Inverness and Loch Ness
The City of Inverness is the administrative centre for the Highland council area, and is promoted as the capital of the Highlands of Scotland. The city lies near the site of the 18th century Battle of Culloden and at the northeastern extremity of the Great Glen, where the River Ness enters the Inverness/Moray Firth making it a natural hub for various transport links. Inverness is the northernmost city in the United Kingdom and, in comparison with the surrounding area, very busy. Inverness is also popular with tourists and offers many shops and restaurants in the town centre. The traditional city centre was a triangle bounded by High Street, Church Street and Academy Street. Between Union Street and Queensgate is the Victorian Market, which contains a large number of small shops and is particularly nice when the weather aint good, the Victorian Market is covered! Just outside the city centre at the Beauly Firth is the entrance to The Caledonian Canal.

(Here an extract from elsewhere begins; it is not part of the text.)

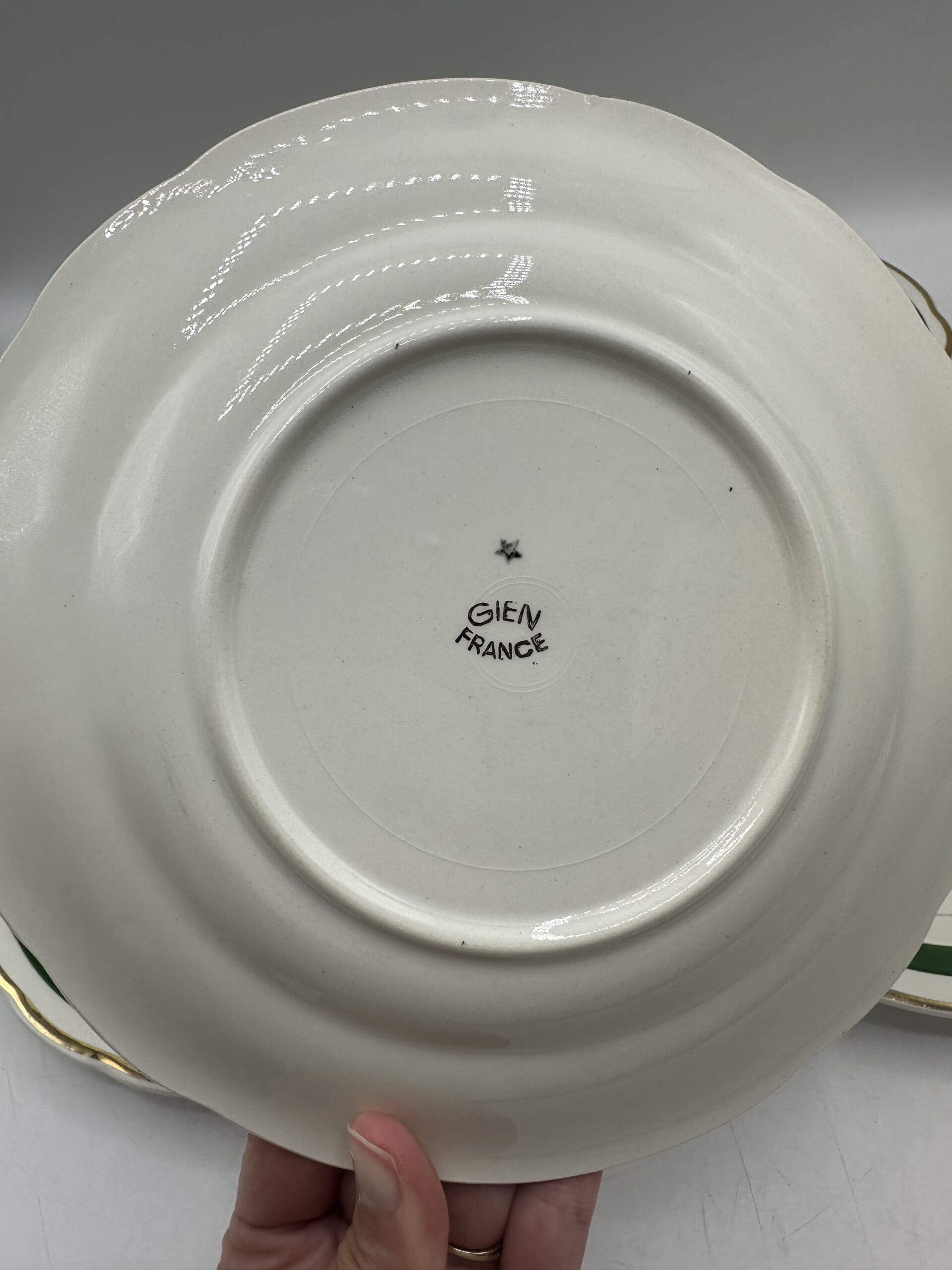 Estampillées Gien France, les assiettes sont blanches, avec une dorure sur les bords, une large bande verte à l’intérieur ainsi qu’une illustration de train avec la mention « Le chemin de fer ».

Inverness Castle sits on a cliff overlooking the River Ness, in Inverness, Scotland. The red sand stone structure evident today was built in 1836 by architect William Burn. It is built on the site of an 11th century defensive structure. Today, it houses Inverness Sheriff Court. There has been a castle at this site for many centuries. The castle itself is not open to the public but the grounds are.
Touring Loch Ness
Loch Ness is probably the best-known Scottish loch, thanks to its famous resident, the monster of Loch Ness or Nessie. A circular trip around the Loch is the best way to explore the many interesting sites. When you start at Inverness in the morning it’s great to take the old military road, from Inverness to Fort Augustus, on the eastern shore of Loch Ness. You have the sun in your back and you can fully enjoy the stunning views over the loch. Halfway this military road is the village of Foyers which was once an important staging post on the old military road. The original inn at Foyers was first built in about 1655 when Cromwell’s troops had garrisons at Inverness and Inverlochy. General Wade, who built the first military roads and bridges linking Fort Augustus and Inverness around 1732 built himself a shelter called the “General’s Hut” and it has been stated that the building of The Foyers Hotel was on this site. Foyers was the first village in the Highlands to have electricity in each house powered by the British Aluminium Company and The Foyers Hotel was boldly advertised as “the only hotel to have electricity”. The military road ends at Fort Augustus which is situated at the south-western end of Loch Ness. The Caledonian Canal, which starts at Inverness and links the east and west coast of Scotland, runs through Fort Augustus and here you will find 5 locks.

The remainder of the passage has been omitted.